Hello mentors, @nikic , I’m Madhurjya, a computer science undergraduate passionate about innovative technology. I have extensive knowledge of C/C++ and various algorithms, and I enjoy developing new things. I’m particularly interested in this project because I’m currently studying Compiler Design, which has given me a basic theoretical understanding of how compilers work. Working on a real-world project like this would give me hands-on experience and deepen my understanding of the context. I’m excited about the opportunity to work with you and learn from your expertise.

Sure. LLVM doesn’t have a Slack, but there’s a Discord here: LLVM

I don’t have any specific advice for the proposal, but I can share a few more thoughts on the project.

Compile-time issues come on a scale from “average” to “pathological”. Average is just normal compilation without any particular bottlenecks. For example, a typical property of an average compilation is that 10% of the time is spent in InstCombine, so any optimizations to InstCombine tend to have measurable impact on overall compile-time. I would say optimizing these average cases is the primary goal of the project.

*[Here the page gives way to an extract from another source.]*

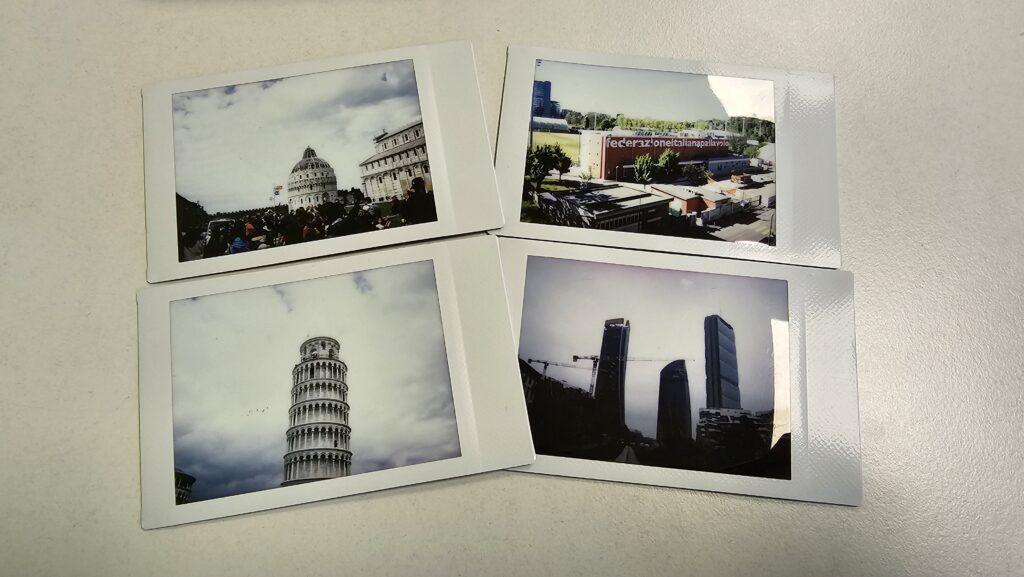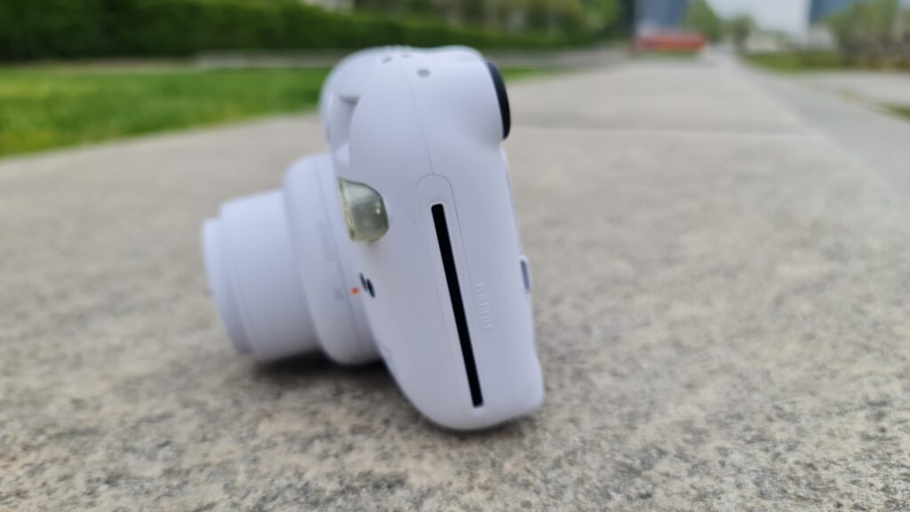 Ma il bello deve ancora arrivare. Sì, perché dopo avere scattato la fotografia, Instax Mini 12, provvederà immediatamente a stampare l’immagine su un supporto cartaceo, da 86×54 mm, che incornicia una foto da 62×46 mm. La fase di sviluppo dura circa 90 secondi, giusto il tempo di ideare un nuovo scenario di scatto. La foto viene espulsa dalla fessura laterale, mentre le “cartucce” vanno inserite nel vano posteriore, coperto da un comodo coperchio a scatto.
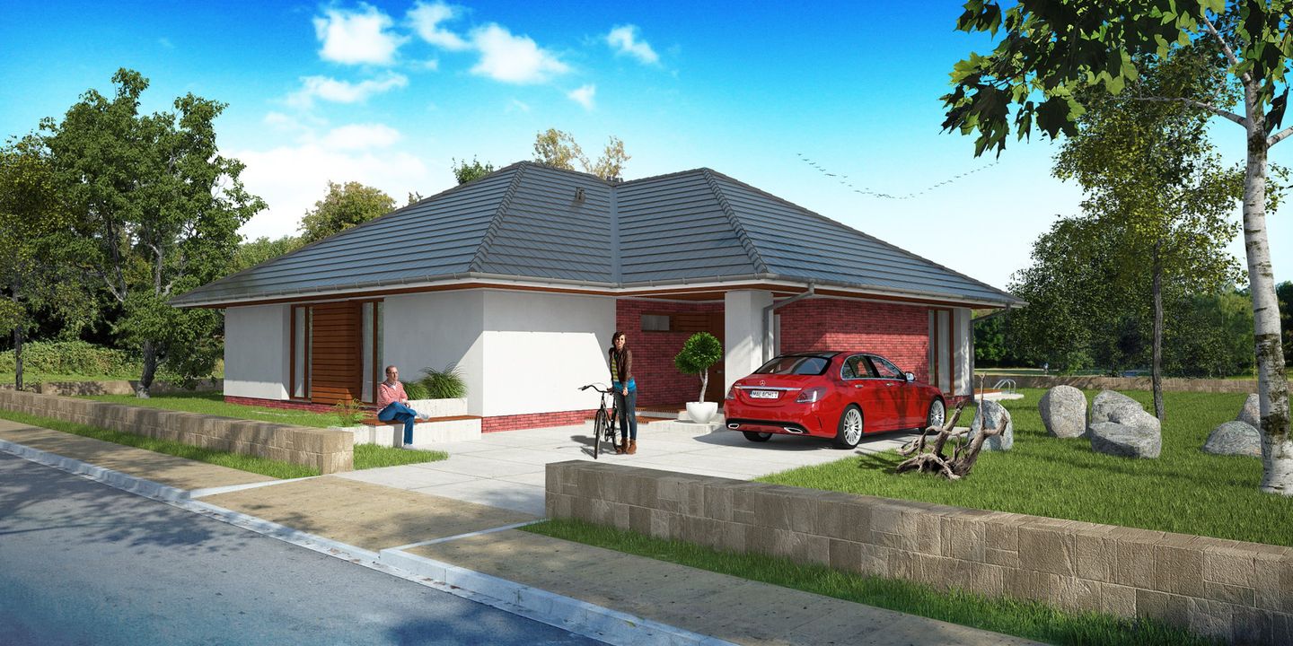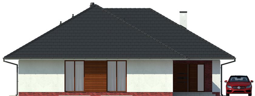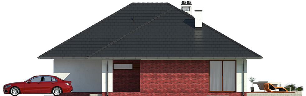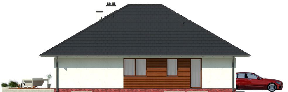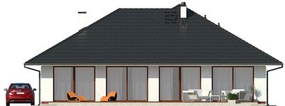 Graficzne opracowanie rzutów poglądowych widocznych na karcie projektu zostało wykonane przez Extradom.pl. Prezentowane przez Extradom.pl wizualizacje wykonane zostały przez autora projektu i należy poczytywać je jedynie za przykład i propozycję wykończenia, wizję architektoniczną autora projektu. Ostateczne wykończenie budynku może nastąpić na wiele sposobów. Szczegółowe rozwiązania zastosowane w oferowanej dokumentacji - w tym również ilość, lokalizacje i wygląd okien, drzwi, kominów - mogą w niewielkim stopniu różnić się od prezentowanej wizualizacji budynku.

Pathological cases are on the other side of the spectrum: They run into some kind of substantially super-linear algorithm which makes code that should compile in milliseconds take minutes or hours, spending most time in a single place. And then there are cases in between where some pass takes more time than usual, but not pathologically so.

The “average” case can be a bit tricky to approach at first, because LLVM profiles are pretty flat, so it can be hard to identify a good candidate for optimization. For that reason, it may be worthwhile to start by looking at some pathological cases (though I don’t think this should be the bulk of the project). A few places where these are collected:

Finally, it may be interesting to look at some of the recent changes which had measurable positive or negative (average-case) compile-time impact, which you can find here: LLVM Compile-Time Tracker

Hi @nikic,

Thank you so much for your response! I think I’m going to work on this project independently of GSOC, I’ll let you know if/when further questions arise and will update you once I make significant progress.

Thank you so much,
Tej